▶ [Work instructions] When you reproduce the entries below, keep each one exact and drop any pictures.

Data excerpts
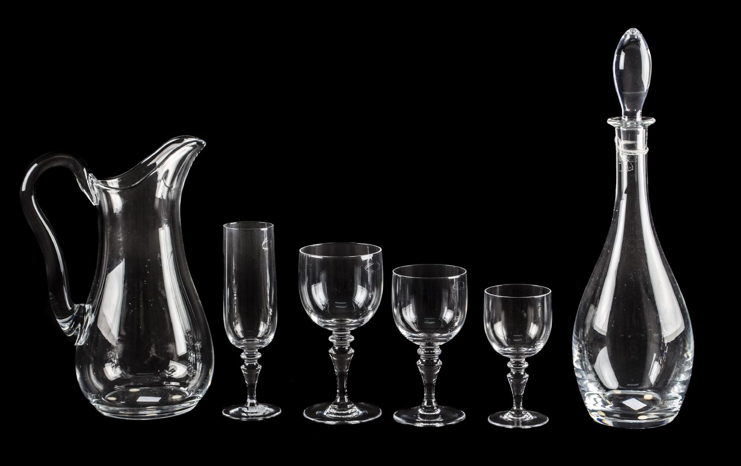 SERVIZIO BICCHIERI in cristallo di Sevres composto da BROCCA, BOTTIGLIA, 11 BICCHIERI per acqua, 12 BICCHIERI da vino, 11 FLUTEs e da 12 BICCHIERI da vino. XX secolo Misure: varie
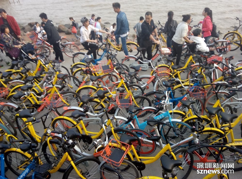 鵬城眼|深圳人假日勤動腳 共享單車“擠爆”深圳灣
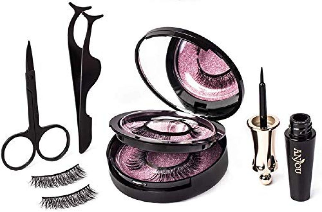 - 4-In-1 magnetic eyelashes & eyeliner set: 3 pairs of luscious eyelashes, double-layered eyelash storage box, eyeliner, a pair of scissors & lash applicator
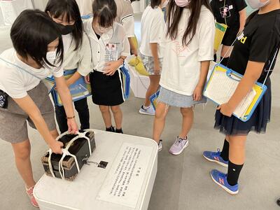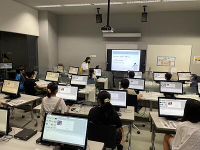 (クラスに分かれて映像ミュージアムの見学が始まりました。)
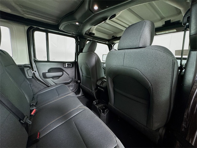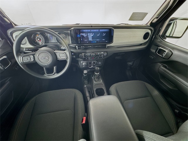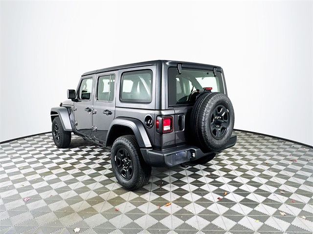 Bluetooth for Phone and Audio Streaming, USB Port, MP3- USB / I-Pod Ready, Hands Free Calling, Fresh New Synthetic Oil, Wrangler Sport, 4D Sport Utility, 2.0L I4 DOHC, 8-Speed Automatic, 4WD, Granite Crystal Metallic Clearcoat, Black Cloth, 8 Speakers, ABS brakes, Air Conditioning, AM/FM radio: SiriusXM, Cloth Low-Back Bucket Seats, Delay-off headlights, Dual front impact airbags, Dual front side impact airbags, Electronic Stability Control, Front anti-roll bar, Front Bucket Seats, Front Center Armrest w/Storage, Front fog lights, Normal Duty Suspension, Panic alarm, ParkView Rear Back-Up Camera, Passenger door bin, Passenger vanity mirror, Power steering, Power windows, Radio: Uconnect 5 w/12.3" Display, Rear Window Defroster, Remote keyless entry, Speed control, Split folding rear seat, Steering wheel mounted audio controls, Stop-Start Dual Battery System, Tachometer, Telescoping steering wheel, Tilt steering wheel, Traction control, Trip computer, Variably intermittent wipers, Wheels: 17" x 7.5" Black Steel Styled.
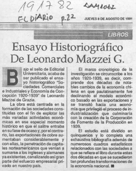 Ensayo historiográfico de Leonardo Mazzei G. [artículo].

▶ [Reply]
 SERVIZIO BICCHIERI in cristallo di Sevres composto da BROCCA, BOTTIGLIA, 11 BICCHIERI per acqua, 12 BICCHIERI da vino, 11 FLUTEs e da 12 BICCHIERI da vino. XX secolo Misure: varie
 鵬城眼|深圳人假日勤動腳 共享單車“擠爆”深圳灣
 - 4-In-1 magnetic eyelashes & eyeliner set: 3 pairs of luscious eyelashes, double-layered eyelash storage box, eyeliner, a pair of scissors & lash applicator
 (クラスに分かれて映像ミュージアムの見学が始まりました。)
 Bluetooth for Phone and Audio Streaming, USB Port, MP3- USB / I-Pod Ready, Hands Free Calling, Fresh New Synthetic Oil, Wrangler Sport, 4D Sport Utility, 2.0L I4 DOHC, 8-Speed Automatic, 4WD, Granite Crystal Metallic Clearcoat, Black Cloth, 8 Speakers, ABS brakes, Air Conditioning, AM/FM radio: SiriusXM, Cloth Low-Back Bucket Seats, Delay-off headlights, Dual front impact airbags, Dual front side impact airbags, Electronic Stability Control, Front anti-roll bar, Front Bucket Seats, Front Center Armrest w/Storage, Front fog lights, Normal Duty Suspension, Panic alarm, ParkView Rear Back-Up Camera, Passenger door bin, Passenger vanity mirror, Power steering, Power windows, Radio: Uconnect 5 w/12.3" Display, Rear Window Defroster, Remote keyless entry, Speed control, Split folding rear seat, Steering wheel mounted audio controls, Stop-Start Dual Battery System, Tachometer, Telescoping steering wheel, Tilt steering wheel, Traction control, Trip computer, Variably intermittent wipers, Wheels: 17" x 7.5" Black Steel Styled.
 Ensayo historiográfico de Leonardo Mazzei G. [artículo].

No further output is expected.